18. November 2012

„Un amour de jeunesse“ (2011, Mia Hansen-Løve)

Irgendwann in der zweiten Hälfte des Films kommt die Protagonistin mit ihrer Jugendliebe aus einem Kino. Er bezeichnet den gesehenen Film als typisch französisch: es wird nur geredet und es gibt viel zu viele stille Sequenzen, in denen gar nichts passiert. Sie attestiert ihm, den Film nicht verstanden zu haben. Beide Einschätzungen werden als legitim dargestellt. Der oder die eine kann etwas mit dem Film anfangen, jemand anderer wiederum nicht. Vielleicht ist mein Urteil ja getrübt, weil ich die junge französische Regisseurin Mia Hansen-Løve bereits in zwei Publikumsgesprächen als höchst sympathische Person erleben durfte und auch schon einen freundlichen Briefwechsel mit ihr hatte: Ich begebe mich aber mit Überzeugung in das Lager derer, die ihren dritten Spielfilm „Un amour de jeunesse“ als sehenswert einstufen!

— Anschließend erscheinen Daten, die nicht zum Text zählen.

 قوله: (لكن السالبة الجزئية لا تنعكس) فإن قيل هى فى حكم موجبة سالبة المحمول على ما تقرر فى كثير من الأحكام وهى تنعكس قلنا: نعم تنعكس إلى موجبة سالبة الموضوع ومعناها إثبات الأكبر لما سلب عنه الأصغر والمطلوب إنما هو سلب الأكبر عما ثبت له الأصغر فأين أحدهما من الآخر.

In der ersten Hälfte des Films sehen wir die Höhen und Tiefen der Liebesbeziehung zwischen der fünfzehnjährigen Schülerin Camille (sehr mutig: Lola Créton) und dem etwas älteren Studenten Sullivan (Sebastian Urzendowsky). In der zweiten Hälfte erleben wir das langsame Heranreifen Camilles als Architekturstudentin, unterstützt durch ihren norwegischen Lehrer Lorenz (Magne Håvard Brekke), und ihre Emanzipation als junge Architektin.

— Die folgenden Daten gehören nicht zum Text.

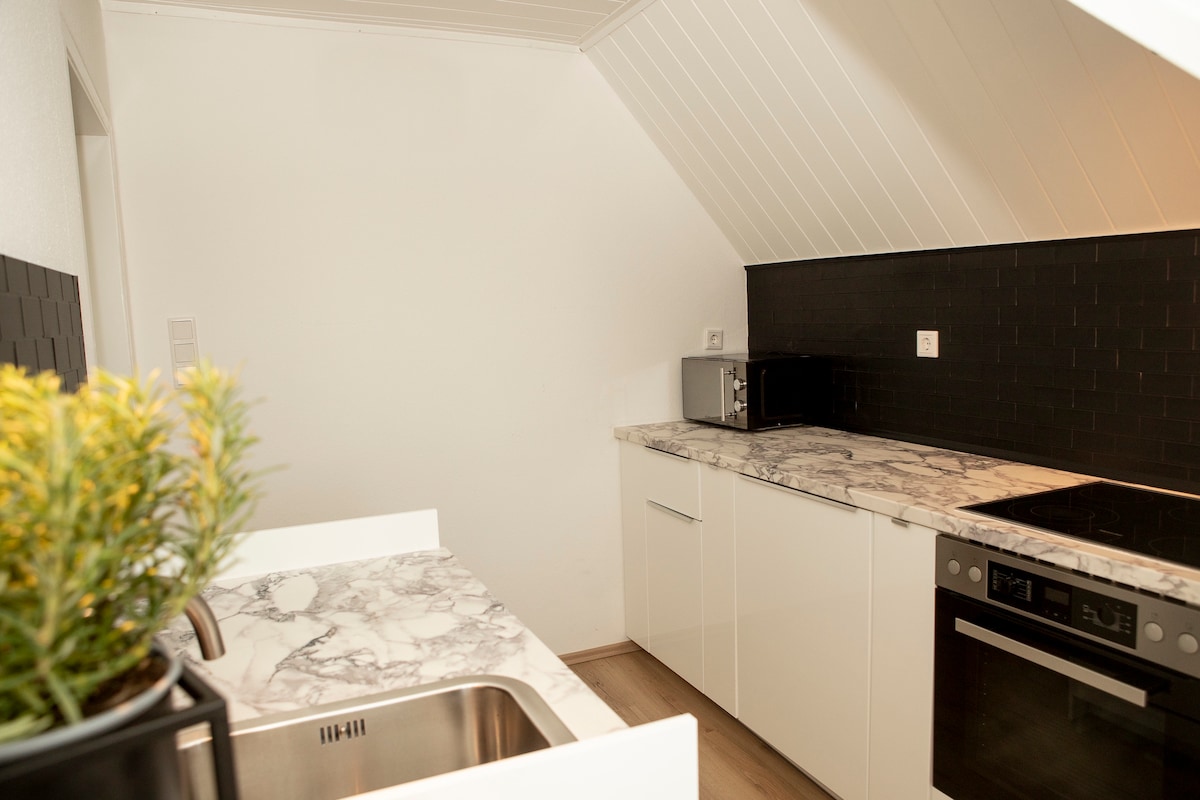 歡迎來到Marl –您的舒適臨時房源! 我們精心裝潢的閣樓公寓讓您感到舒適。 設備齊全,配備舒適住宿所需的一切設備,無論是短途旅行還是長期住宿,都能提供理想的度假勝地。 公寓很安靜,但位於市中心:附近有一個小城市公園,邀請您放鬆散步。 -歡迎來到Marl -

Hansen-Løve hat selbst keinen Zweifel daran gelassen, dass „Un amour de jeunesse“ wie schon ihre beiden ersten Filme, aber diesmal noch viel intensiver, voll von autobiographischen Elementen ist – eigentlich müsste man lediglich Architektur durch Film ersetzen. Auch die Beziehung zu einem deutlich älteren Mann – Hansen-Løve ist mit Regisseur Olivier Assayas liiert – ist ihrem eigenen Leben entnommen. Ein Problem, dass ich mit dem Film habe, ist das in Literatur und Film omnipräsente Thema der verbotenen Liebe. Warum ist eine Affäre, die auf Betrug aufbaut und dazu geschaffen ist, eine andere Liebesbeziehung zu zerstören, in unserer Gesellschaft angeblich etwas so Romantisches? Dieses Element hätte mir den Film fast verdorben. Die Regisseurin hat ihre drei bisherigen Filme als eine Art Trilogie bezeichnet, in der es vordergründig um das Erwachsenwerden geht, das eigentliche Hauptthema allerdings das Erlangen von Freiheit ist. Eben diese Befreiung der Protagonistin war es, die mich letztendlich jedoch wieder versöhnlich gestimmt hat.

„Un amour de jeunesse“ hat in Österreich im Gegensatz zu vielen anderen europäischen Ländern leider keinen regulären Kinostart erleben dürfen. Ich selbst durfte den Film bei der ersten seiner einzigen beiden Vorstellungen im Filmmuseum erleben. Wer jedoch die Chance haben sollte, sich den Film auf anderem Wege anzusehen, sollte dies auch tun!